◆ REQUIRED ACTION:
Write the data out again exactly, dropping any images it holds.

◆ DATA PROVIDED:
☆ ☆ ☆ ☆ ☆

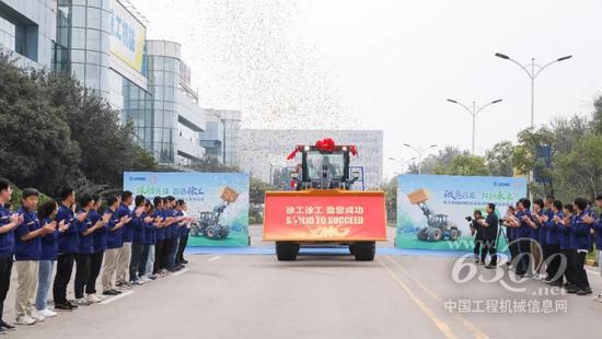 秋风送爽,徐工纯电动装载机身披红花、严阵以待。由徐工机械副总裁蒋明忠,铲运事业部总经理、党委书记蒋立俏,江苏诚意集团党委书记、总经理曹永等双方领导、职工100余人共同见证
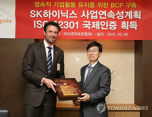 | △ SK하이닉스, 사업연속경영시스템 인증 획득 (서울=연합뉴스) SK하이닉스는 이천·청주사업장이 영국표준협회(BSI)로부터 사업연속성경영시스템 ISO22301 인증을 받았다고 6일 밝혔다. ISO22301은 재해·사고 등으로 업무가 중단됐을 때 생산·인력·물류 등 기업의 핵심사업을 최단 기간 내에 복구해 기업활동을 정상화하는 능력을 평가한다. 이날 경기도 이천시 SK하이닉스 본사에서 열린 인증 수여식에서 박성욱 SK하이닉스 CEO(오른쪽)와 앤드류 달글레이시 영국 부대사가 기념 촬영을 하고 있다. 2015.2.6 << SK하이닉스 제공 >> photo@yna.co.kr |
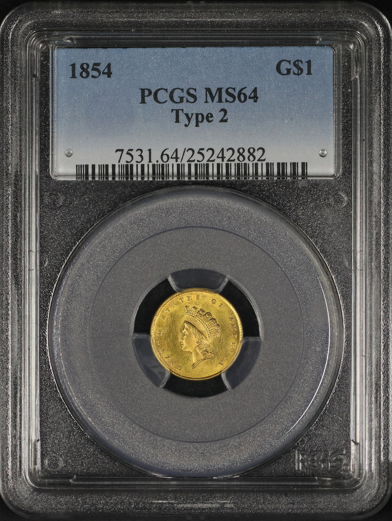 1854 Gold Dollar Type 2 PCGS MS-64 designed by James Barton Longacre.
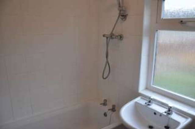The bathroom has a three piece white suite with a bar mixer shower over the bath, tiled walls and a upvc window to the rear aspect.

☆ ☆ ☆ ☆ ☆

◆ EXERCISE SOLUTION:
 秋风送爽,徐工纯电动装载机身披红花、严阵以待。由徐工机械副总裁蒋明忠,铲运事业部总经理、党委书记蒋立俏,江苏诚意集团党委书记、总经理曹永等双方领导、职工100余人共同见证
 | △ SK하이닉스, 사업연속경영시스템 인증 획득 (서울=연합뉴스) SK하이닉스는 이천·청주사업장이 영국표준협회(BSI)로부터 사업연속성경영시스템 ISO22301 인증을 받았다고 6일 밝혔다. ISO22301은 재해·사고 등으로 업무가 중단됐을 때 생산·인력·물류 등 기업의 핵심사업을 최단 기간 내에 복구해 기업활동을 정상화하는 능력을 평가한다. 이날 경기도 이천시 SK하이닉스 본사에서 열린 인증 수여식에서 박성욱 SK하이닉스 CEO(오른쪽)와 앤드류 달글레이시 영국 부대사가 기념 촬영을 하고 있다. 2015.2.6 << SK하이닉스 제공 >> photo@yna.co.kr |
 1854 Gold Dollar Type 2 PCGS MS-64 designed by James Barton Longacre.
The bathroom has a three piece white suite with a bar mixer shower over the bath, tiled walls and a upvc window to the rear aspect.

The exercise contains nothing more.